▶ [What is being asked]
Exactly the lines from the one containing "3 600тг÷(5 м+4 м)=400тг – (1 м ткани)" through the one containing "Используемая в работе" in the listing below are to be copied, with the pictures left out.

▶ [Data for this task]
+--
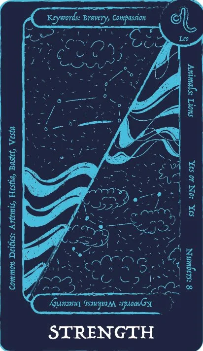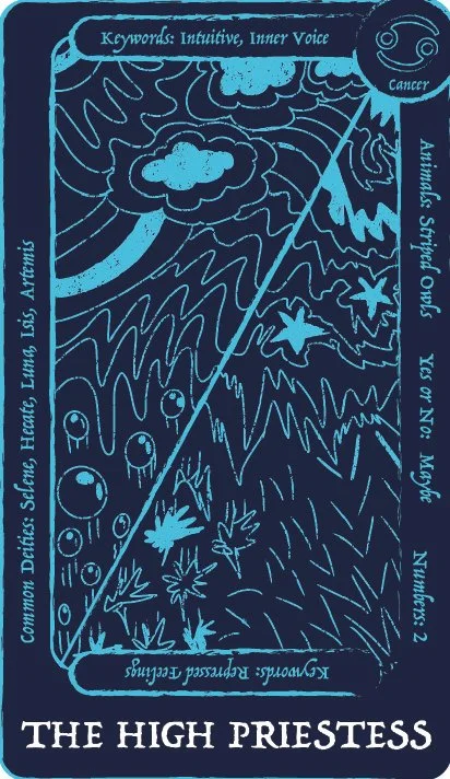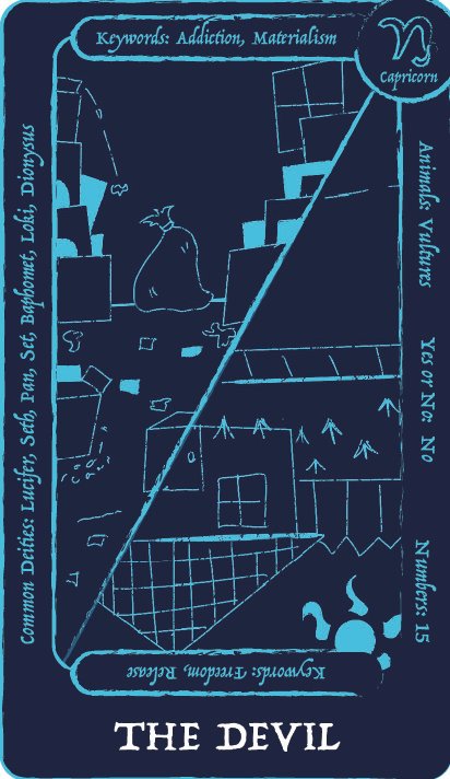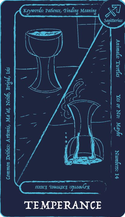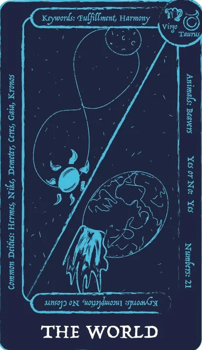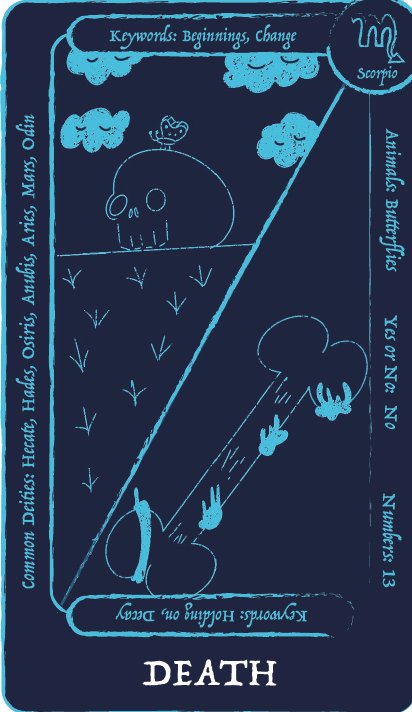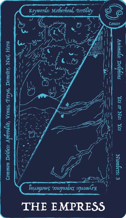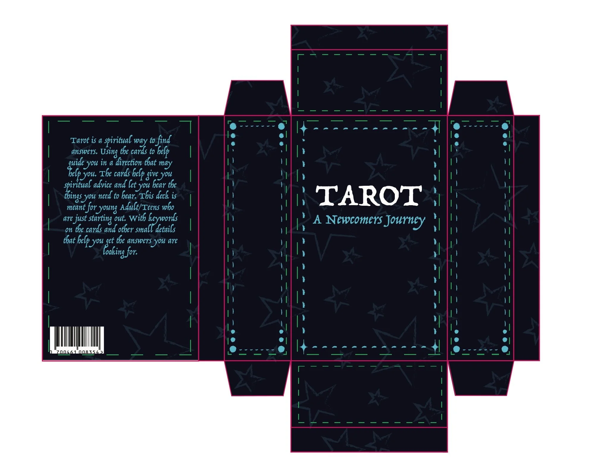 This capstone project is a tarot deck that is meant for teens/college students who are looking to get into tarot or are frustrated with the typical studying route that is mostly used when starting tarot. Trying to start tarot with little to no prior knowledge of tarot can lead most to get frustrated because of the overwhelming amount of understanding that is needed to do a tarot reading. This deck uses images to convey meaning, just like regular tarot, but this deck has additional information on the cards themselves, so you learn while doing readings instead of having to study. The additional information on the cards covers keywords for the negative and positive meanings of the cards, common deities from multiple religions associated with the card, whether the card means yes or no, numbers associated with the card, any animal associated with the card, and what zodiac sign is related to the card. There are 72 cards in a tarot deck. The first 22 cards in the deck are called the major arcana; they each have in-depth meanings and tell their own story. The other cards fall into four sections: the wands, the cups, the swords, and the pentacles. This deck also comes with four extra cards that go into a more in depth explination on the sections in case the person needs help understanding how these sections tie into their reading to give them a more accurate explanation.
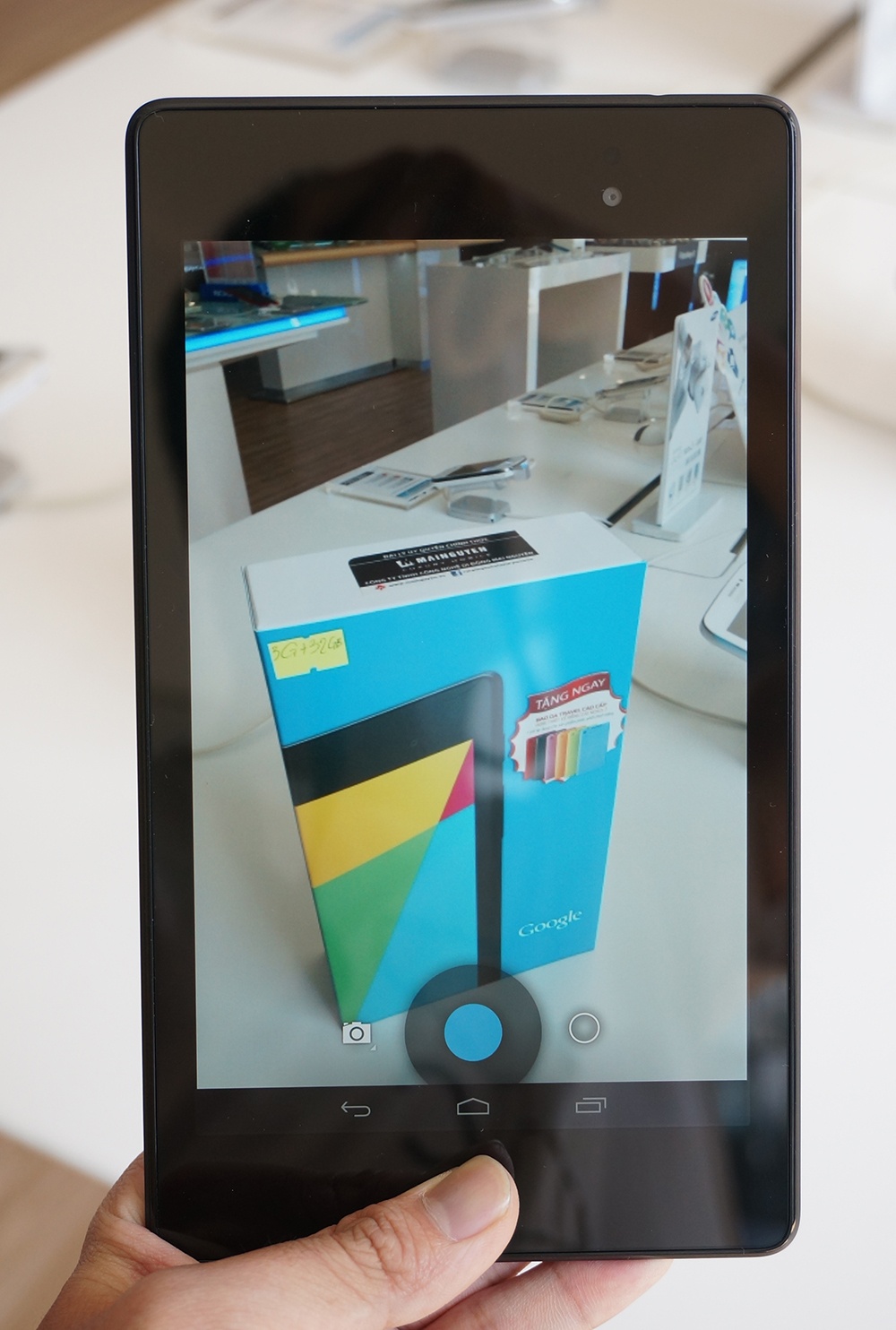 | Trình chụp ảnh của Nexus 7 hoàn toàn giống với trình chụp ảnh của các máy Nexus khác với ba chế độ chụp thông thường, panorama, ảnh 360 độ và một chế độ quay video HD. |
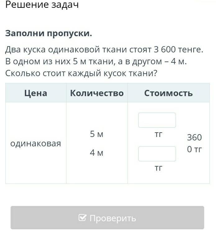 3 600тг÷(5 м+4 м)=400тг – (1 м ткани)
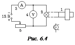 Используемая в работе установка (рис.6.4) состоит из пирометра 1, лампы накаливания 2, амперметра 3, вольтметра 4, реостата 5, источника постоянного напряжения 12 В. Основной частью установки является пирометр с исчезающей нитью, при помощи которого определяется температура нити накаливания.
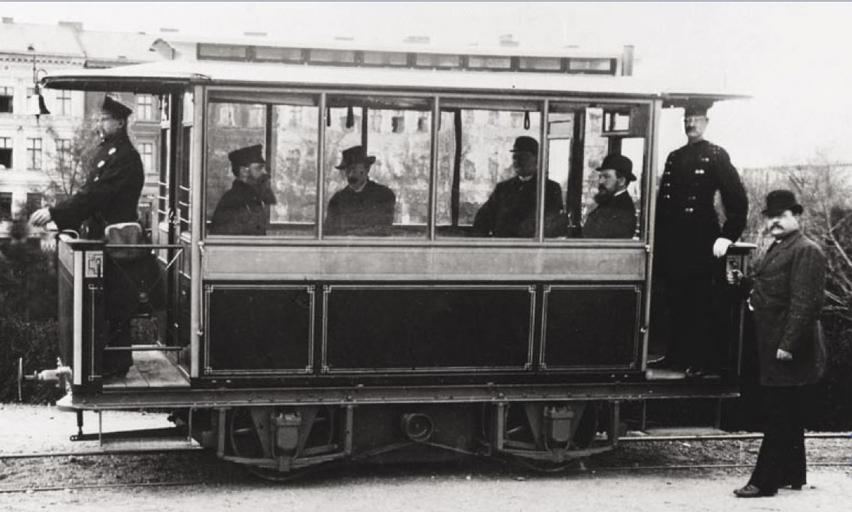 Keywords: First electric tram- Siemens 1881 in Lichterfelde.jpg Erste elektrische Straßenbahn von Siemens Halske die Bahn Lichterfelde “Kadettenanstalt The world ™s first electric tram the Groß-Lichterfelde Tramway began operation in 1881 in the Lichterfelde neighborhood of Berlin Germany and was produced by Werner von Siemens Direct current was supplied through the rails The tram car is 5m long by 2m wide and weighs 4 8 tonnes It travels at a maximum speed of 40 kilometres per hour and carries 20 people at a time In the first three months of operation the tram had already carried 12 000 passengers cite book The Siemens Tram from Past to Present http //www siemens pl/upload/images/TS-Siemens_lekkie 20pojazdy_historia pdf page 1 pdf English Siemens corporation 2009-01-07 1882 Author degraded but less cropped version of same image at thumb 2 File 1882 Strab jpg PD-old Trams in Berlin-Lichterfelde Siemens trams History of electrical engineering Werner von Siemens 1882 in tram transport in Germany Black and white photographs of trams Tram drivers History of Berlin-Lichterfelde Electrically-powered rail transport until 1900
+--
▶ [Task result]
 3 600тг÷(5 м+4 м)=400тг – (1 м ткани)
 Используемая в работе установка (рис.6.4) состоит из пирометра 1, лампы накаливания 2, амперметра 3, вольтметра 4, реостата 5, источника постоянного напряжения 12 В. Основной частью установки является пирометр с исчезающей нитью, при помощи которого определяется температура нити накаливания.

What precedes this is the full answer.